Fix said he expected the request for proposals to be ready for developers' scrutiny by the end of November.
Bellingham architect Michael Smith hopes to be part of a team that would submit a redevelopment proposal for the Granary to the port in the next few weeks or months. He told commissioners that he envisions converting the tower portion of the old structure into "six very, very unique high-end apartments."
The adjoining two-story portion of the building could contain offices on the second floor and retail or restaurants on the first floor, Smith said.
If the building can be rendered usable with $5 million worth of repairs and retrofits, it could be rented out at a profit at prevailing downtown rates, Smith said.

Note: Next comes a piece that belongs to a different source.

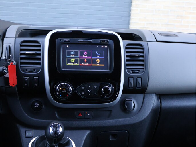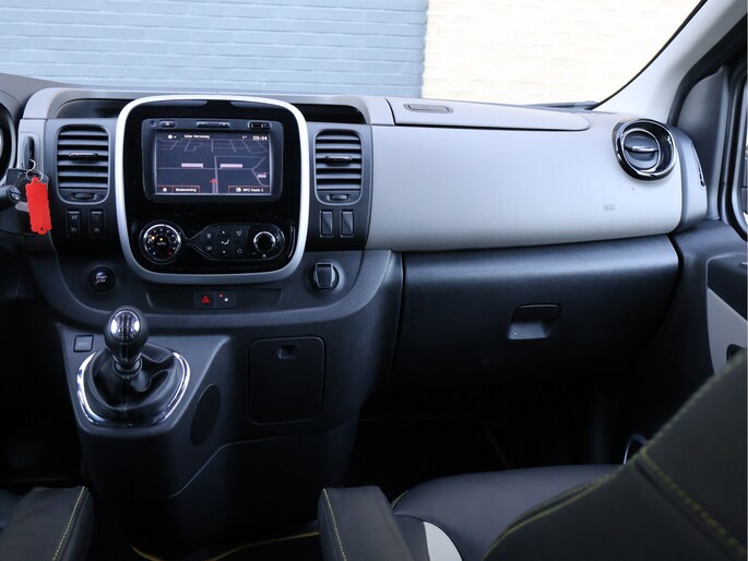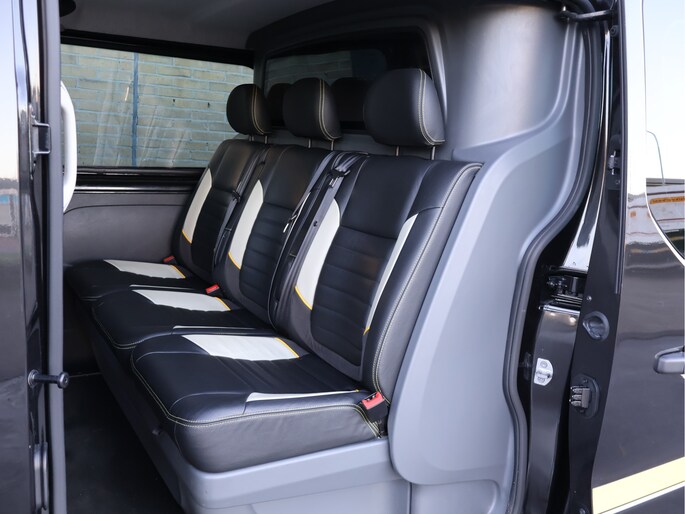 Het interieur is comfortabel en verzorgd ingericht en tilt deze Trafic duidelijk naar een hoger niveau. De lederen bekleding zorgt voor een luxe uitstraling en is tegelijkertijd duurzaam en praktisch in gebruik. De bestuurder beschikt over een in hoogte verstelbare stoel met armsteun en verstelbare lendesteunen, terwijl het lederen stuurwiel, de cruise control en de automatische airconditioning bijdragen aan ontspannen lange ritten. Dankzij keyless entry & start stapt u eenvoudig in en rijdt u weg zonder de sleutel uit uw zak te halen – een premium comfortvoorziening die vooral bij veel in- en uitstappen een groot verschil maakt. Het audio-navigatiesysteem met full map, Bluetooth en DAB-radio wordt versterkt door een hoogwaardig Kicker audiosysteem, wat zorgt voor een krachtige en heldere geluidsbeleving onderweg.

"It's going to be a fantastic addition to the city, to the port and to the waterfront," Smith said.
Smith also urged commissioners to allow the Granary to be developed as a stand-alone project that would be within the financial reach of local developers.
Another architect, Dave Christensen, thanked commissioners for halting plans to demolish the Granary after city officials and members of the public asked for more time to try to save it.
"What's important is memory," Christensen said. "Buildings are physical manifestations of memory."
Commissioner Jim Jorgensen called the artist's rendering "beautiful" but had no other comment.
Commissioner Scott Walker said he was anxious to see something take shape on the mostly idle 137 waterfront acres that the port acquired from Georgia-Pacific Corp. in 2005.
"I still believe that the port needs to take leadership of this waterfront project," Walker said.